Über eine Million Menschen sind seit Kriegsausbruch aus der Ukraine nach Deutschland geflohen. Fünf von sechs Geflüchteten in Deutschland kommen aus der Ukraine. Aber in der öffentlichen Diskussion wird das verbleibende Sechstel der Asylsuchenden aus anderen Herkunftsländern zum Problem erklärt. Der Flüchtlingsrat Niedersachsen kritisiert das Ausspielen von Geflüchtetengruppen gegeneinander, das schon jetzt zu doppelten Standards geführt hat. Das verfassungsrechtlich geschützte Menschenrecht auf Asyl gilt es zu verteidigen. Die Genfer Flüchtlingskonvention und die Europäische Menschenrechtskonvention gewährleisten den individuellen Anspruch auf Schutz vor Verfolgung und drohenden Menschenrechtsverletzungen. Unter den Asylsuchenden ist die Schutzquote im vergangenen Jahr in Deutschland auf den rekordverdächtigen Wert von 72% gestiegen (bereinigte Schutzquote).
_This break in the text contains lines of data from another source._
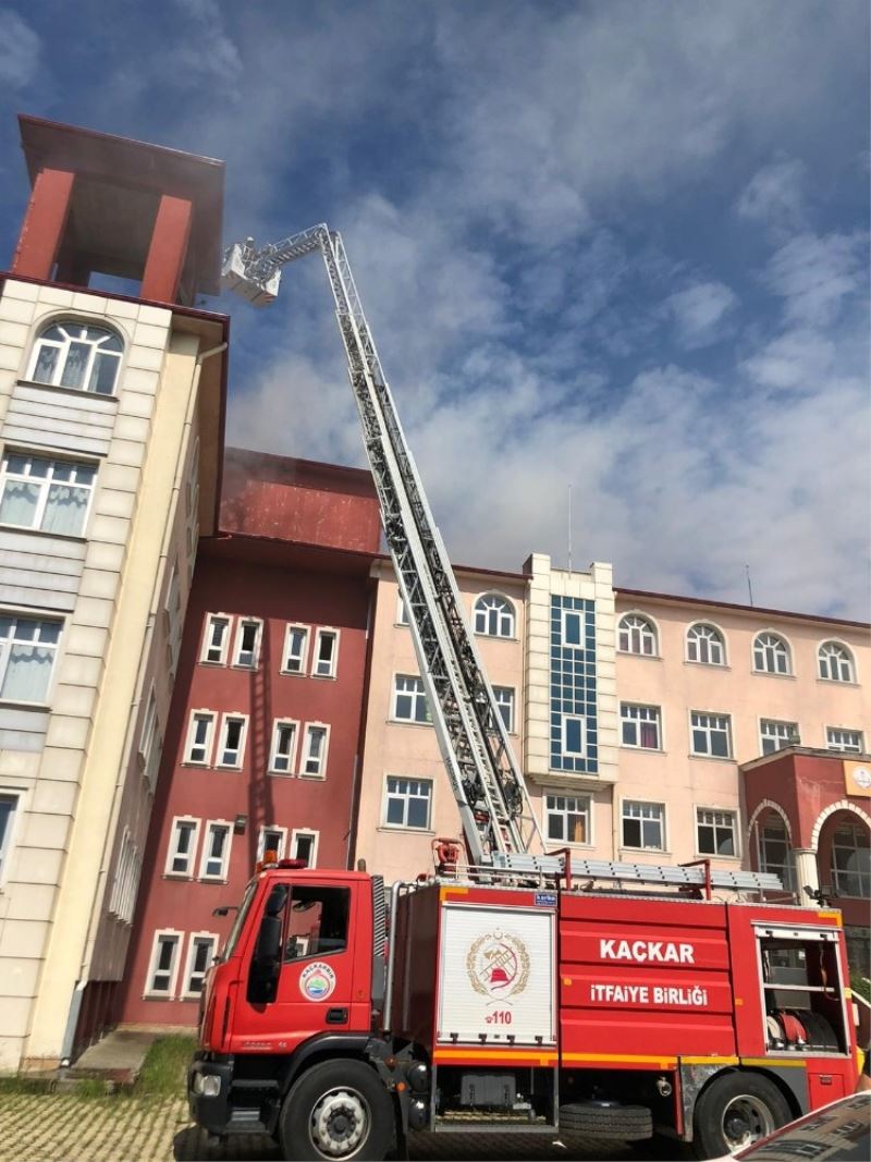 Rize’nin Pazar ilçesinde bir okulun çatısında tadilat yapılırken çıkan yangın itfaiye ekipleri tarafından söndürüldü.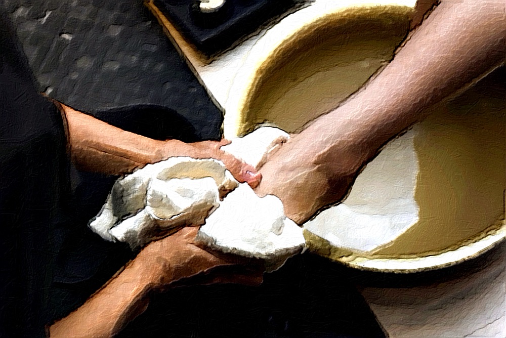 Jesus girded himself and washes the disciples feet, telling them to do so also to each other. This is the work and service that we must do bowing to each other and helping our brothers to also enter into the kingdom of heaven.
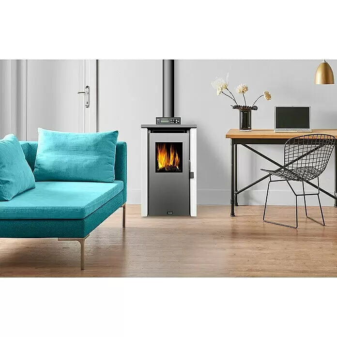 La estufa de pellets Lake 7 destaca por ser un medio de calefacción limpio y económico. El modelo de aire es ecológico y eficiente, ya que reparte el calor por la estancia en la que se encuentra. Su combustible es el pellet, un material totalmente renovable fabricado a partir de residuos vegetales, con un alto poder calorífico y bajas emisiones de CO2. Dispone de un panel de control con pantalla LCD muy intuitivo y fácil de usar. Además, cuenta con encendido piezoeléctrico. Su instalación requiere salida de humos y enchufe. Se recomienda empezar la instalación de evacuación de humos con una T con registro para facilitar su limpieza.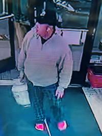 The suspect is described as a white or Hispanic male in his late 20s or early 30s, approximately 5’08” and 220lbs with a goatee.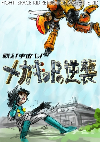 なぜか三作目まである。三部作だね。これは第三部をモチーフにしていて、こういったヒーローものには偽者、しかもロボットが定番なので、その回を採用している。それだけでは変化に乏しいので別の回も混ぜてクライマックスで別のロボットに変形することにしている。といっても作らないんだけどね。子どもが空き地で遊んでいる感じにみえるな。ロゴは機械っぽくしたかったが機械モノが苦手なのでどうしたものかと悩みながら描いたらそうでもないように見えなくも無いね。ということで、そろそろ作業再開しよう。なかなか一人だとやる気が上がらないからね。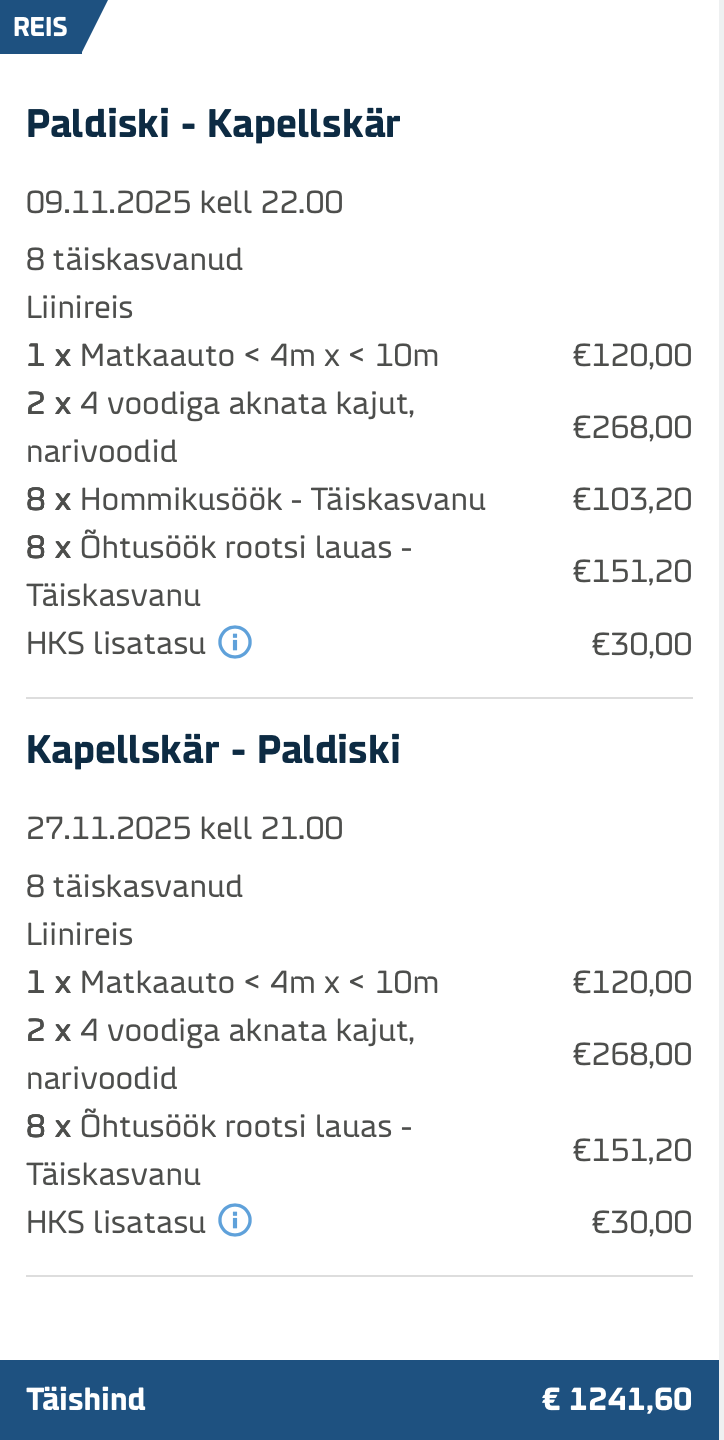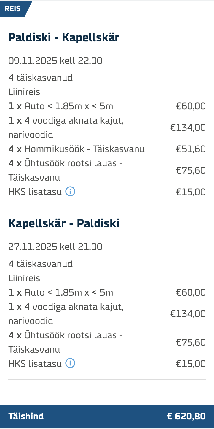 DFDS laevapiletid - 4 inimest, auto 5 m ja toit - 620.80€

Doch auch wer keinen individuellen Schutzanspruch in Deutschland erwirbt, darf nicht ohne Weiteres abgeschoben werden. In Kriegs- und Krisengebiete wie Afghanistan, Syrien oder den Irak wird derzeit wegen der allgemeinen desolaten Lage im Herkunftsland nicht abgeschoben. Aktuell fordert der Flüchtlingsrat einen Abschiebungsstopp für türkische Staatsangehörigen, die aus den Erdbebengebieten kommen.

Im Übrigen werden diese Menschen vielfach gebraucht: Arbeitgeber:innen und Interessenverbände fordern allenthalben einen Verbleib ihrer Mitarbeiter:innen in Deutschland und beklagen einen Mangel an Arbeitskräften. Das arbeitgeberfreundliche Deutsche Institut für Wirtschaft rechnet vor, dass  bis 2030 in Deutschland 5 Millionen Menschen im erwerbsfähigen Alter fehlen werden, die Bundesagentur für Arbeit hat öffentlich erklärt, dass Deutschland jedes Jahr 400.000 Zuwanderer braucht, um die Lücken auf dem Arbeitsmarkt zu schließen. „Wir brauchen keine Diskussion um Abschiebungen, sondern eine Diskussion um Maßnahmen, die geeignet sind, Geflüchteten unabhängig von ihrem Status den Weg in Arbeit und ein gesichertes Aufenthaltsrecht zu bahnen“, so Kai Weber.